The problem of ageing workforce is becoming a critical issue of management in Australia. Most organizations in Australia are getting overwhelmed by the issue of a rise in the number of ageing employees. Approximately a third of Ramsay Health Care employees are over 50 years.

This denotes the likelihood of the hospital having a relatively higher percentage of aged employees in a span of ten years. However, the organization has been at par with a range of activities that are meant to ensure that the employees who are over 50 years of age remain active and deliver for the organization.

In August 2011, there was the introduction of a program known as Fifty Plus. The program entails an array of activities through partnership with other organizations. The program discharges a series of activities that make the employees who are over 50 to remain active and productive. Over 400,000 Ramsay employees who are at least 50 years of age have already enrolled for the program (Ramsay Health care 2012).

Company Analysis

Ramsay Health Care is a widely recognized organization in the capital of Australia. The organization began its operations in 1964. The organization has widely grown to become the biggest listed market hospital corporation in Australia. The fact that the company has operated for a long period of time gives it a market advantage over the other newly established health centres.

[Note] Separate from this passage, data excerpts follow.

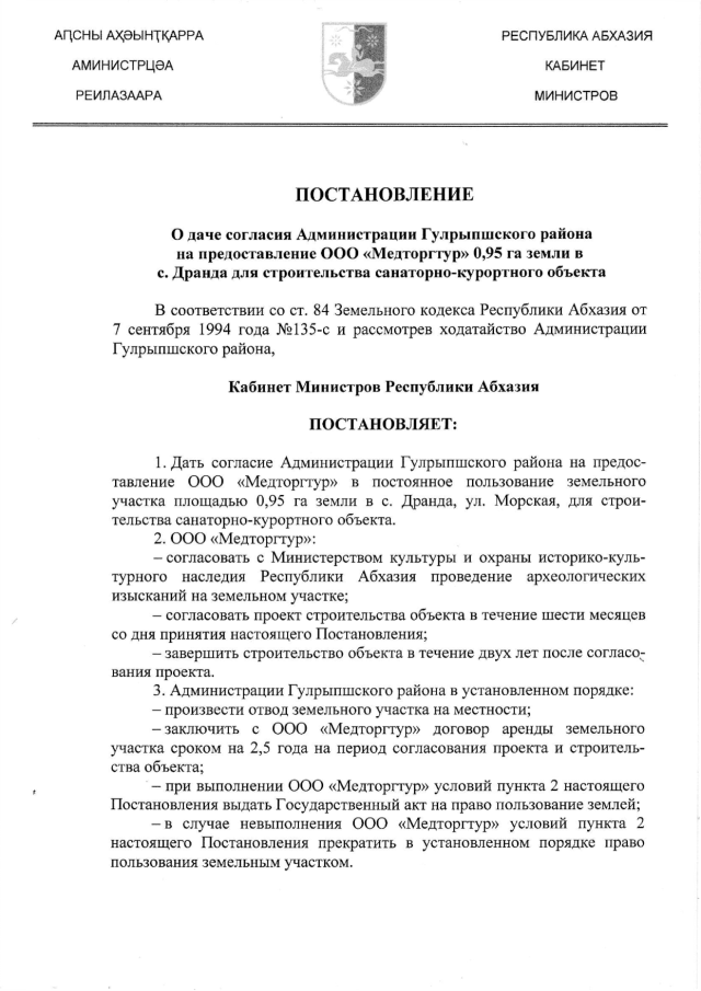Постановление Кабинета Министров Республики Абхазия от 14.03.2018 № 25 "О даче согласия Администрации Гулрыпшского района на предоставление ООО "Медторгтур" 0,95 га земли в с. Дранда для строительства санаторно-курортного объекта"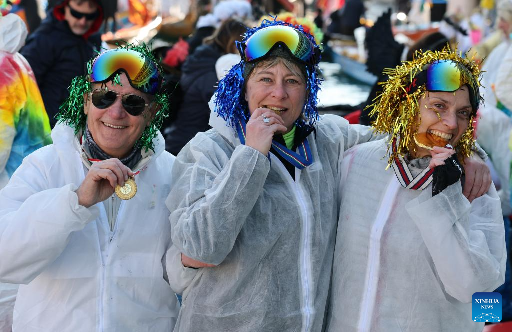 Revelers dressed up in theme of the Olympic Games pose during the water parade of Venice Carnival in Venice, Italy, Feb. 1, 2026. The 2026 version of the traditional Venice Carnival runs from Jan. 31 to Feb. 17. (Xinhua/Li Jing)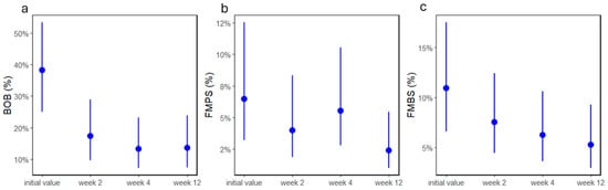 (a) BOB, (b) FMPS, and (c) FMBS values as percentages of patients with subclinical symptoms before and 2, 4, and 12 weeks after treatment. Dots and lines represent estimated means ± standard deviations.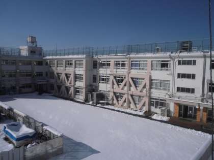 休み時間が終わった校庭には、いくつもの雪の芸術が残っていました。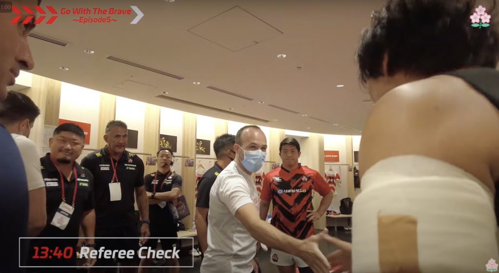 ウォームアップ前にレフリーチェックがあります。試合を担当するレフリーからの挨拶とレフリングに関する情報が共有されます。主にスクラムについての話になります。国際試合は外国人レフリーが笛を吹くので、ここでも通訳をします。

The company operates under a decentralized structure, which enhances the rate at which decisions are reached and implemented. Ramsay, who is the owner of the organization, allows decisions to be made collectively (“Ramsay Health Care Main Page (1963-2005)” n.d.).

The company is still listed as a private company. This emanates from the late 1990s development, which resulted in the re-acquisition of the organization by Ramsay as a way of saving it from collapsing.

This prevents it to be listed on the stock market and gain from the sale of securities. While the company has a resounding record of employee retention, its policy of recruiting employees who are over 50 years is worrying (“Ramsay Health Care Main Page (1963-2005)” n.d.). Figure 1.0 in the appendix reveals the rate of absenteeism in the organization.

Issue of company workforce planning

According to Boxall and Purcell (2011), workforce planning is a critical element in strategic human resource management, which is meant to ensure that a company implements a set of human resource functions that ensure delivery and sustainability of the workforce in the organization.

Ramsay Health Care has been proactive in terms of deploying human resource strategies, which has enabled the company to attain the level of success that it celebrates today. However, there seems to be a smouldering problem in the organization concerning recruitment of employees in the company.

While Ramsay Health Care has not attained any problems of employee turnover and retention, the organization is bound to face problems of delivery in the future due to the steps that have been taken to maintain employees who are 50 years and over. There is bound to be a problem of an ageing workforce in the company as a substantial number of employees in the company grow older and attain the retirement age, yet there is no group of employees to replace them.

While the human resource practices in the organization denote the emphasis on a human resource program that is supposed to ensure that the ageing employees remain productive, one thing that is often forgotten is that there is need to develop a balanced workforce to ensure that the organization does not have a problem of generational differences in its workforce when more than a third of its employees who are over 50 years of age retire (Ramsay Health Care, 2012).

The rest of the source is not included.